Interfacial Effect-Induced Electrocatalytic Activity of Spinel Cobalt Oxide in Methanol Oxidation Reaction.

In this study, spinel cobalt oxide (Co 3 O 4 ) nanoparticles without combining with any other metal atoms have been decorated through the influence of two hard templating agents, viz., zeolite-Y and carboxy-functionalized multiwalled carbon nanotubes (COOH-MWCNT).
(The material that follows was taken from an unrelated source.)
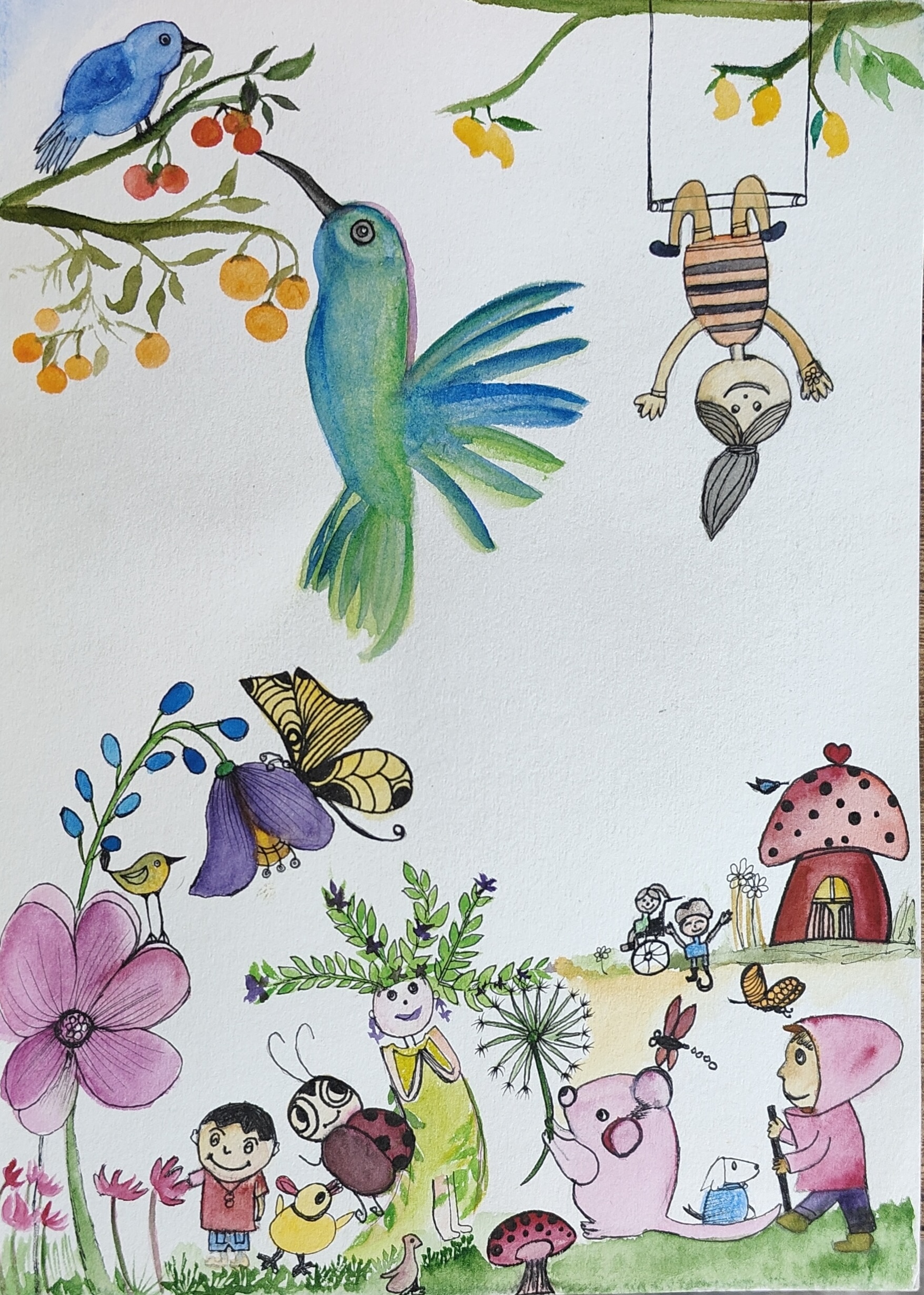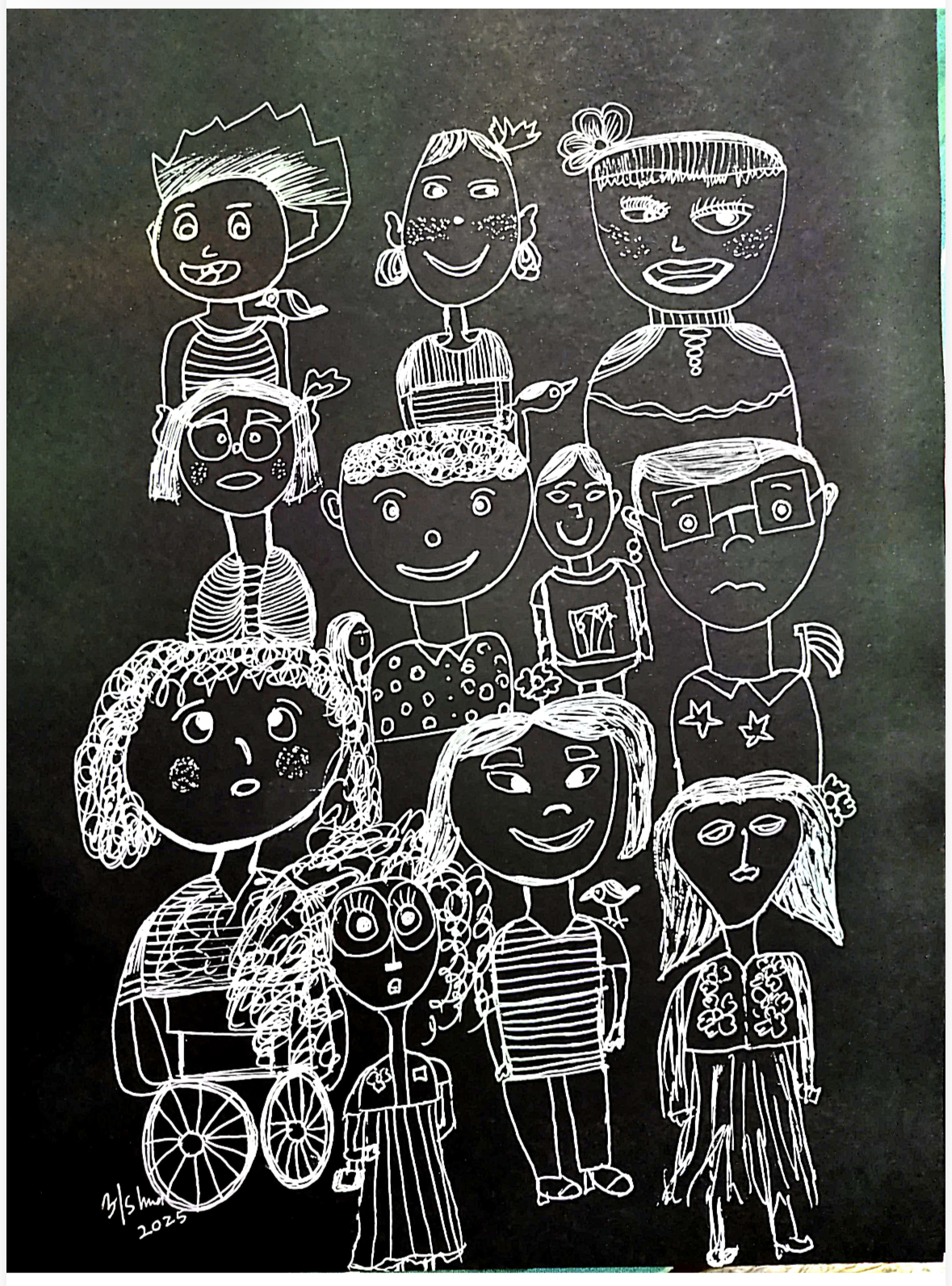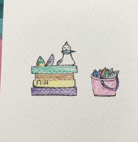 This playful, minimalist drawing brings together a stack of books, a tiny bird, and a handful of fish rendered in…

The adornment of the Co 3 O 4 nanoparticles, through the combined impact of the aluminosilicate and carbon framework has resulted in quantum interference, causing the reversal of signatory Raman peaks of Co 3 O 4 . Apart from the construction of small Co 3 O 4 nanoparticles at the interface of the two matrices, the particles were aligned along the direction of COOH-MWCNT. The catalyst Co 3 O 4 -Y-MWCNT exhibited excellent catalytic activity toward the methanol oxidation reaction (MOR) in comparison to Co 3 O 4 -Y, Co 3 O 4 -MWCNT, and bared Co 3 O 4 with the current density of 0.92 A mg -1 at an onset potential of 1.33 V versus RHE. The material demonstrated persistent electrocatalytic activity up to 300 potential cycles and 20,000 s without substantial current density loss. High surface area of zeolite-Y in combination with the excellent conductivity of the COOH-MWCNT enhanced the electrocatalytic performance of the catalyst. The simplicity of synthesis, scale-up, and remarkable electrocatalytic activity of the catalyst Co 3 O 4 -Y-MWCNT provided an effective way toward the development of anode materials for direct methanol fuel cells.